Jeans You’ll Never Have to Wash Again
A pair of blue jeans that you never have to wash sounds like the stuff of science fiction—or just plain gross—but one startup hopes to make such a thing a reality, and a non-stinky one to.
Odo bills its product as the world’s first self-cleaning denim jeans that, as the company puts it rather unhumbly, “NEVER STINK OR STAIN” (caps theirs). According to videos posted on Odo’s Kickstarter page—which has blown past the company’s original goal of $10,000 nine times over with 31 days left to fundraise on the site—the jeans really do repel liquids, including such notorious stain culprits as red wine, ketchup and coffee.
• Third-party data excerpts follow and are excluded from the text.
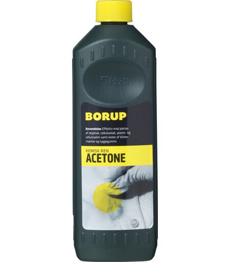 Acetone – god til pletfjerning og rensningAcetone fra Borup er effektivt til fjernelse af pletter og rester fra b.la. neglelak, celluloselak, celluloselim, plastlim, klistermærker, tyggegummi, olie, læbestift og læderfarve. Dertil er acetone god til rensning af f.eks. pensler og værktøj som har været anvendt til celluloselak, fernis og maling. Efter rensningen skal værktøjet dog efterfølgende vaskes i sæbevand. Acetone er ydermere godt til at rense sko og læder, da det effektiv fjerner fedt og snavs. Borup acetone kan også bruges som neglelakfjerner, men da ufortyndet acetone er hårdt mod hænder og negle er det vigtigt at du efterfølgende bruger en god og fed håndcreme. Ellers kan du vælge at blande 1 del acetone, 2 dråber glycerin 86 % og 1 del isopropylalkohol 99 %, for en mere skånsom fjernelse af neglelak. Indhold: 500 mlKemisk ren acetoneEffektiv pletfjerningBrug så lidt acetone som muligt, og gnid på pletten, indtil den er tør. Husk at ligge et stykke sugende stof under pletten, inden du begynder. Det er også vigtigt at gnide let på og omkring pletten for at undgå skjolder. Det anbefales, at du prøver at gnide på et usynligt sted først. ...
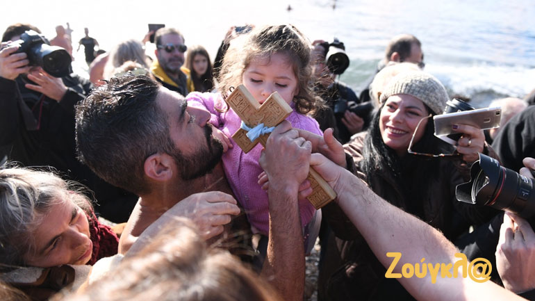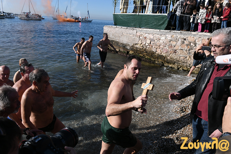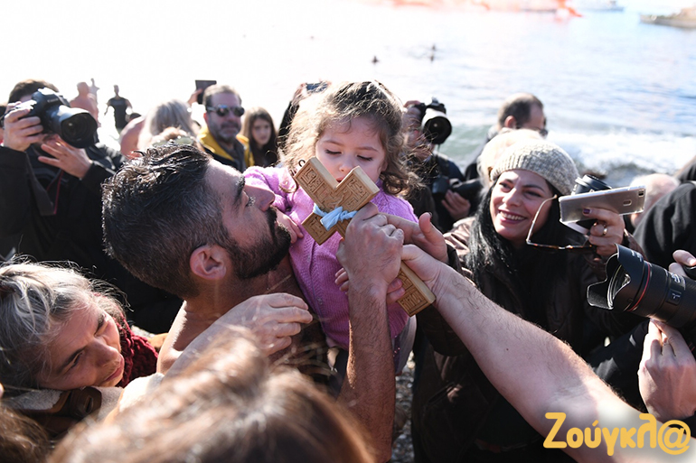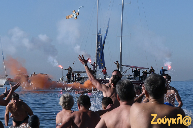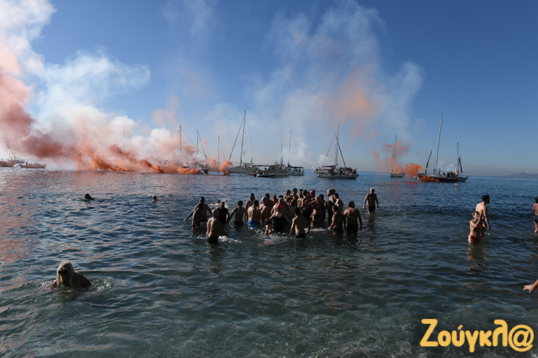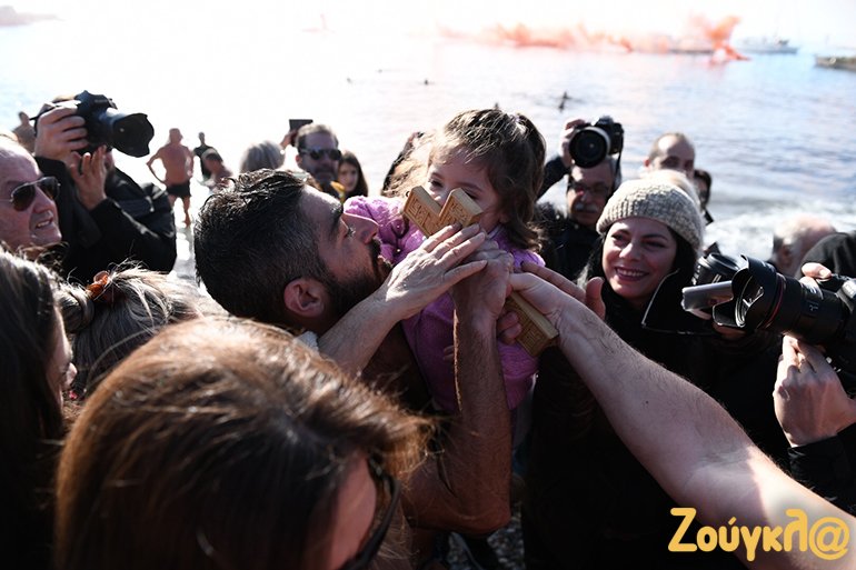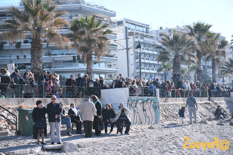 Με σύμμαχο τον καλό καιρό πλήθος κόσμου βρέθηκε στην παραλία του Παλαιού Φαλήρου για να παρακολουθήσει από κοντά τον Aγιασμό των υδάτων και την κατάδυση του Τιμίου Σταυρού στα νερά.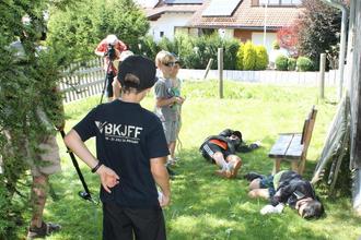 Insgesamt neun Kinder im Alter zwischen 9 und 12 Jahren haben bei hochsommerlichen Temperaturen beim Ferien-Filmworkshop mitgemacht. Unter der Regie von Nachwuchs-Filmemacher Lukas Heinle und Profi-Kameramann Hubert Jäger wurde an einem halben Tag der kurze Spielfilm „Die Erfindung des Professor A“ abgedreht.

And there’s no way to show it on video but Odo also claims the jeans do not, even after being worn for a year or more, start to stink.
Inspiration for the jeans came from a statement made by Levi Strauss CEO Chip Bergh in a 2014 appearance at Fortune’s Brainstorm Green conference, in which Bergh implored customers to stop washing their jeans. “These jeans have yet to see a washing machine,” he said at the time of the pair he was wearing. “I have yet to get a skin disease.”
Bergh’s comments highlighted the fact that huge amounts of fresh water are used to both wash and produce jeans, which break down faster—and thus have to be repurchased more often—when they’re washed frequently. While Berg’s unwashed jeans don't pose a health risk to him, if they were traditional jeans he was wearing they probably did stink. This is the key to Odo’s innovation.
We often assume the smell of smelly jeans comes from human sweat and what have you. However, as Odo’s founder Salman Chaudry told Tech in Asia, the smell of dirty jeans is in fact the smell of bacteria feeding off the sweat and whatever else has accumulated on the material over time.
Chaudry realized that if he could eliminate bacteria from jeans he could eliminate the smell, which he did by weaving between 10 and 15 grams of silver, which has antibacterial effects, into the denim. “We’re weaving silver right inside the fabric. It’s permanent,” Chaudry said. It’s not a layer or coating on top, it’s a part of the fabric itself. Even if you wash it a hundred times the silver won’t go away. It’ll last for the life of the garment.” While the silver fends off bacteria, the surface of the jeans is engineered with microscopic peaks to repel liquids, which prevents stains. They can thus be worn, Odo asserts, virtually indefinitely without a wash.